Exercise directions
The answer must be only the lines below from the one holding "DecoArt Sunset Outdoor" down to the one holding "A. 若a>b,则a+c>b+c B. 若a+c>b+c,则a>b", ends included, printed exactly; please omit all pictures.

Source records
╭──
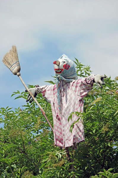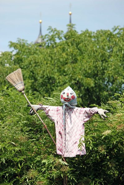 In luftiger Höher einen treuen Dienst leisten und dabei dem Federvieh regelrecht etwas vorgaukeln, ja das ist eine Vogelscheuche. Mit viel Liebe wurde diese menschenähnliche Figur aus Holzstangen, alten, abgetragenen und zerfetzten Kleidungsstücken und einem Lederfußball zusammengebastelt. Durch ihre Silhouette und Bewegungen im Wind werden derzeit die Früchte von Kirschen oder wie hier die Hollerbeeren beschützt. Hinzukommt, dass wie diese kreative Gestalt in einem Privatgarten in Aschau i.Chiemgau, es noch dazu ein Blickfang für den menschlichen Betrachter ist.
╰──
╭──
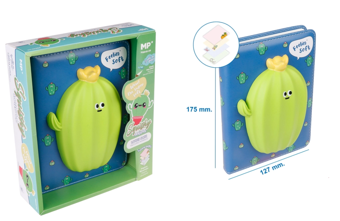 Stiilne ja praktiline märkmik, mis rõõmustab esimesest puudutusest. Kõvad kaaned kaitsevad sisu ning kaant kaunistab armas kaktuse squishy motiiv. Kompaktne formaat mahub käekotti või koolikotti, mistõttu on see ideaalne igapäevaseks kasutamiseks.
╰──
╭──
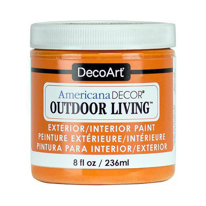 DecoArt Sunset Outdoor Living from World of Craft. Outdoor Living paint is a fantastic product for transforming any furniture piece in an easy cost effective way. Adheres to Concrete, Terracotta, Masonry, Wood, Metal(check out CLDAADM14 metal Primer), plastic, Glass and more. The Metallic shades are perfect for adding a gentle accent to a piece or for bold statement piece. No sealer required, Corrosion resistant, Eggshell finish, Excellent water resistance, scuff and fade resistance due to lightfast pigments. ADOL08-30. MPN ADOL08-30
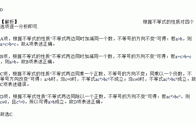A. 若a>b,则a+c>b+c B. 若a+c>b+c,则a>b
╰──
Answer box
 DecoArt Sunset Outdoor Living from World of Craft. Outdoor Living paint is a fantastic product for transforming any furniture piece in an easy cost effective way. Adheres to Concrete, Terracotta, Masonry, Wood, Metal(check out CLDAADM14 metal Primer), plastic, Glass and more. The Metallic shades are perfect for adding a gentle accent to a piece or for bold statement piece. No sealer required, Corrosion resistant, Eggshell finish, Excellent water resistance, scuff and fade resistance due to lightfast pigments. ADOL08-30. MPN ADOL08-30
A. 若a>b,则a+c>b+c B. 若a+c>b+c,则a>b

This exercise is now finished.